Use the nano text editor to create a bash script named run.sh, where you are going to store all the commands needed in your pipeline. Use # to add comments in the script explaining what each command does and to answer the corresponding questions. Remember that you can use the command echo to print messages in the screen.

## Author: Your Name
## Date: DD/MM/YYYY
## eQTL Hands-On

## Task 1

echo "Running command1 to do X"

command1            # This command does X 
                    # Answer to Q1: we need to set the option --opt 
echo -e "\tdone!"

# [...]

Once done, make sure that you can run bash run.sh to reproduce exactly all your commands.

1. cis eQTL mapping

1.1. Input data and software

For eQTL mapping we need gene expression and genotype data from a set of individuals. We may also have covariate information (gender, age, inferred covariates, etc.). In terms of computation, it requires performing thousands of linear regressions (as well as hypothesis testing for the β's and a multiple testing correcction) in a very fast manner.

Task 1: Download the genotype VCFand the corresponding .tbi index:

wget ftp://ftp.1000genomes.ebi.ac.uk/vol1/ftp/release/20130502/ALL.chr22.phase3_shapeit2_mvncall_integrated_v5a.20130502.genotypes.vcf{.gz,.gz.tbi} --directory-prefix input/unprocessed/1000g

Now have a look to the input data: gene expression (RPKM) of all annotated human genes obtained from the GEUVADIS project and genotype data from the 1000G project (chr22), both with their corresponding metadata; and also to QTLtools, one of the standard methods for eQTL mapping and the one that we will use during this hands-on.

1.2. Input data preprocessing

We need to modify the input files to select genes and variants of interest, perform data transformations (e.g. gene expression normalization) and adapt them to the format required by QTLtools.

First, let's prepare the genotype file!

Task 2: Subset the input VCF file, keeping only biallelic SNPs and indels with MAF ≥ 0.05 and those sample IDs for which we have both expression and genotype data (for duplicated IDs keep only the first).

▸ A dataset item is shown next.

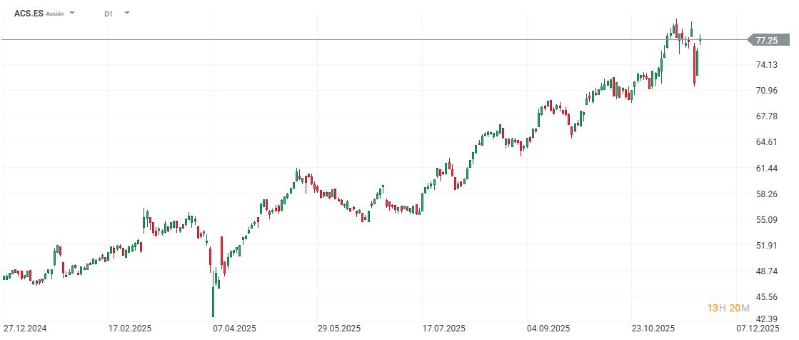 El viernes vimos una gran negatividad en el mercado en general, pero esta se concentró especialmente en los valores relacionados con la IA. Por tanto, también arrastró a otras compañías que están apostando por negocios "satélites", como son las empresas de centros de datos. En este ámbito, ACS era una de las compañías que más prometía debido a su ya estrecha colaboración en el mercado americano y con algunas de las compañías del sector, como Meta. De hecho, ACS ha invertido alrededor del 25% del total de sus inversiones en los 9 primeros meses del 2025 en centros de datos, lo que pone en relevancia la importancia que tendrá esta línea de negocio en el futuro. Si vamos más allá, ACS reportó que a finales de septiembre de este año, el 35% de la cartera de proyectos de Turner, su filial americana, se concentra en infraestructura digital. Hablamos de una fuente de crecimiento importante, por lo que si el sector de la IA se pone malo, el segmento de centros de datos para ACS como mínimo se resfría.

To do that, we will use bcftools. Besides, discard those variants with less than 10 individuals per genotype group.

 
# Get GEUVADIS samples from the metadata
cut -f1 input/unprocessed/geuvadis/geuvadis.metadata.txt | sed '1d' | sort | uniq > tmp/geuvadis.samples.txt 

# Subset the VCF (common samples, biallelic SNPs and indels, MAF >= 0.05, no duplicates)
bcftools view -v snps,indels -m 2 -M 2 -q 0.05:minor -S tmp/geuvadis.samples.txt -Ob input/unprocessed/1000g/ALL.chr22.phase3_shapeit2_mvncall_integrated_v5a.20130502.genotypes.vcf.gz | bcftools norm -d all -Oz -o tmp/genotypes.chr22.vcf.gz

# Subset the VCF so that there are at least 10 individuals per genotype group and compress it (for indexing we require 'bgzip' compression)
filter.genotype.py -t 10 -g <(zcat tmp/genotypes.chr22.vcf.gz) | bgzip > input/processed/genotypes.chr22.vcf.gz

# Index the VCF
tabix -p vcf input/processed/genotypes.chr22.vcf.gz

Q1: What do the bcftools options employed mean? Q2: How many variants do you get in input/processed/genotypes.chr22.vcf.gz? Q3: How many samples do you have before and after subsetting? Hint: The genotype file contains information from many samples, but only a subset of them has gene expression data in the GEUVADIS project. Note that the GEUVADIS metadata contains duplicated sample IDs, as gene expression in GEUVADIS is calculated from paired-end RNA-Seq data. You can use bcftools to print the sample IDs and count them.

Now let's parse the GEUVADIS gene expression file to include the fields required by QTLtools: chr, TSS position, length and strand, for each gene. Where can we get this information?

Task 3: Use the GENCODE human gene annotation to obtain the information above. Q1: Which version of GENCODE is GEUVADIS using? Q2: To which genome assembly does this annotation correspond? Q3: How many protein coding genes are annotated in the last version (v29)? Hint: Check GEUVADIS paper. To run the scripts in bin without the need of bash script.sh or ./bin/script.sh add the bin folder to the PATH environment variable. Q4: Which command do you use to do this?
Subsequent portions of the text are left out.